Task goal:
Recreate the listing that follows line for line, without pictures.

Data excerpt:
=== Section Start ===
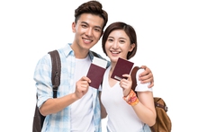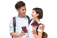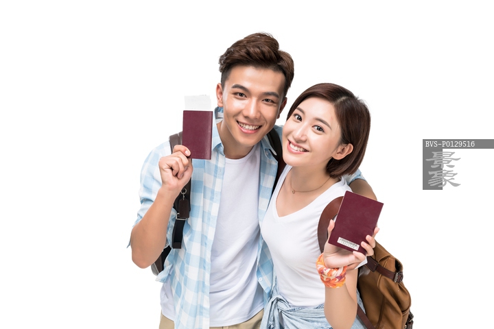 图片标题: 快乐的年轻情侣拿着护照去旅行
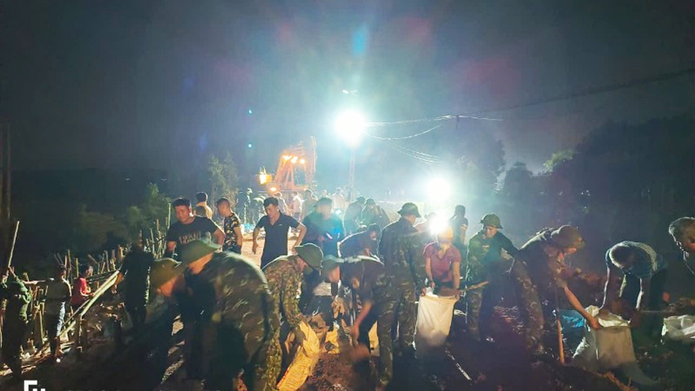 Hàng trăm người dân địa phương đã nhanh chóng có mặt tập trung xử lý sự cố. Nhờ có lực lượng ứng trực sẵn sàng, vật tư, phương tiện, thiết bị và áp dụng đồng bộ các biện pháp kỹ thuật nên sự cố đã nhanh chóng được khắc phục. Đến 23 giờ cùng ngày, tình hình đã được kiểm soát. Lực lượng chức năng cùng người dân tiếp tục ứng trực xuyên đêm, bảo vệ an toàn tuyệt đối cho tuyến đê.
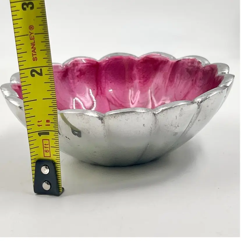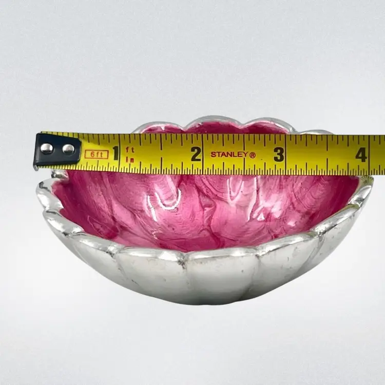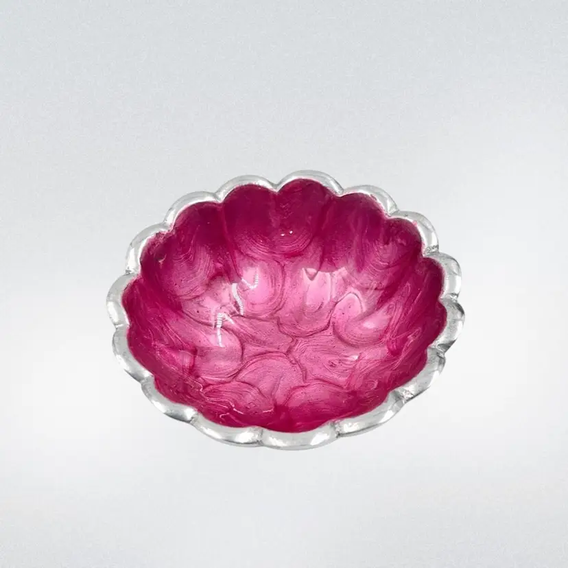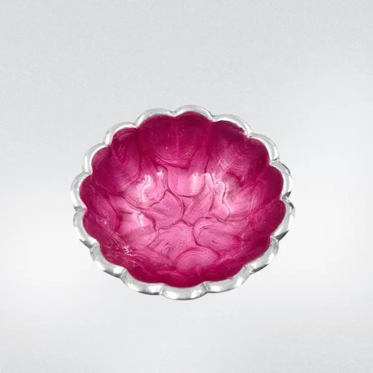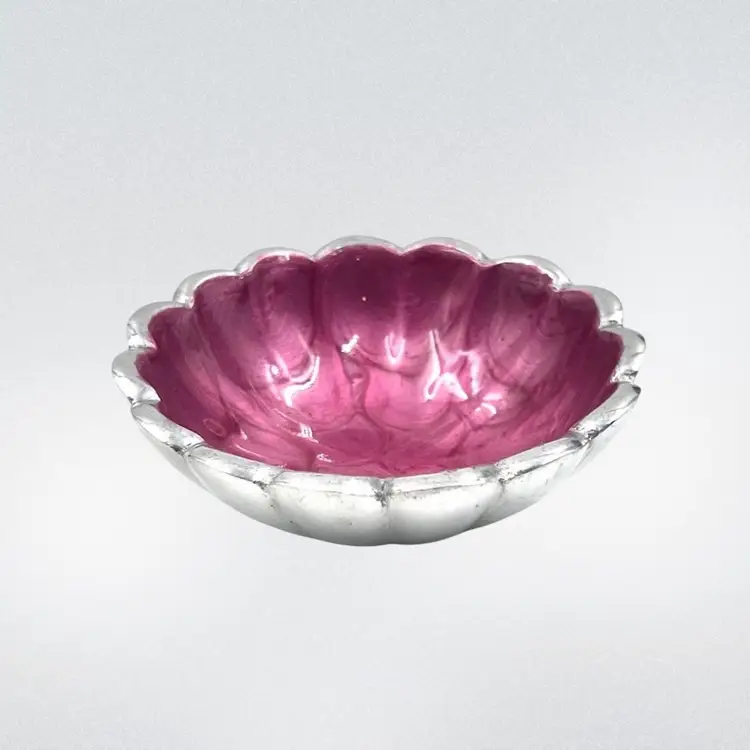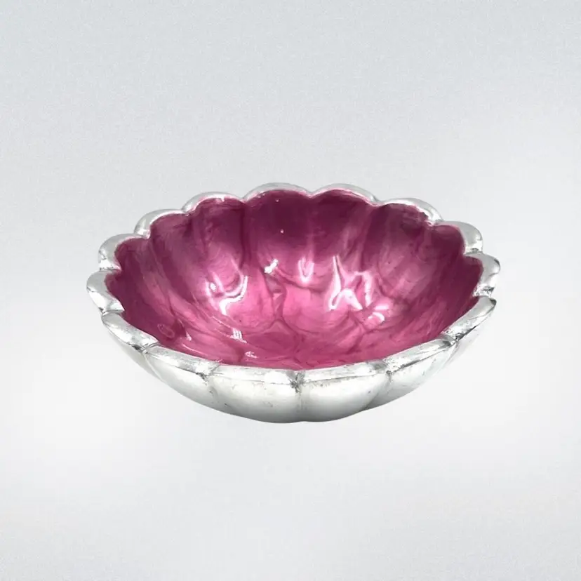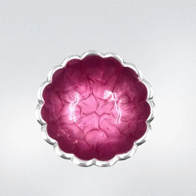 👉Peony Collection Bowl Color Raspberry 👉Hand Casted Aluminum Pink Enamel 👉Infused with Crushed Mother-of-Pearl
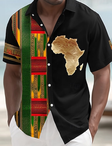 Juneteenth Bărbați Hartă FREEDOM Model african Cămașă Camașă cu nasturi Manșon scurt Vintage Retro Concediu Vară Primăvară Răsfrânt Imprimare 3D cămăși cu guler Negru Vișiniu Maro Albastru Închis
=== Section End ===
Response to the exercise:
 图片标题: 快乐的年轻情侣拿着护照去旅行
 Hàng trăm người dân địa phương đã nhanh chóng có mặt tập trung xử lý sự cố. Nhờ có lực lượng ứng trực sẵn sàng, vật tư, phương tiện, thiết bị và áp dụng đồng bộ các biện pháp kỹ thuật nên sự cố đã nhanh chóng được khắc phục. Đến 23 giờ cùng ngày, tình hình đã được kiểm soát. Lực lượng chức năng cùng người dân tiếp tục ứng trực xuyên đêm, bảo vệ an toàn tuyệt đối cho tuyến đê.
 👉Peony Collection Bowl Color Raspberry 👉Hand Casted Aluminum Pink Enamel 👉Infused with Crushed Mother-of-Pearl
 Juneteenth Bărbați Hartă FREEDOM Model african Cămașă Camașă cu nasturi Manșon scurt Vintage Retro Concediu Vară Primăvară Răsfrânt Imprimare 3D cămăși cu guler Negru Vișiniu Maro Albastru Închis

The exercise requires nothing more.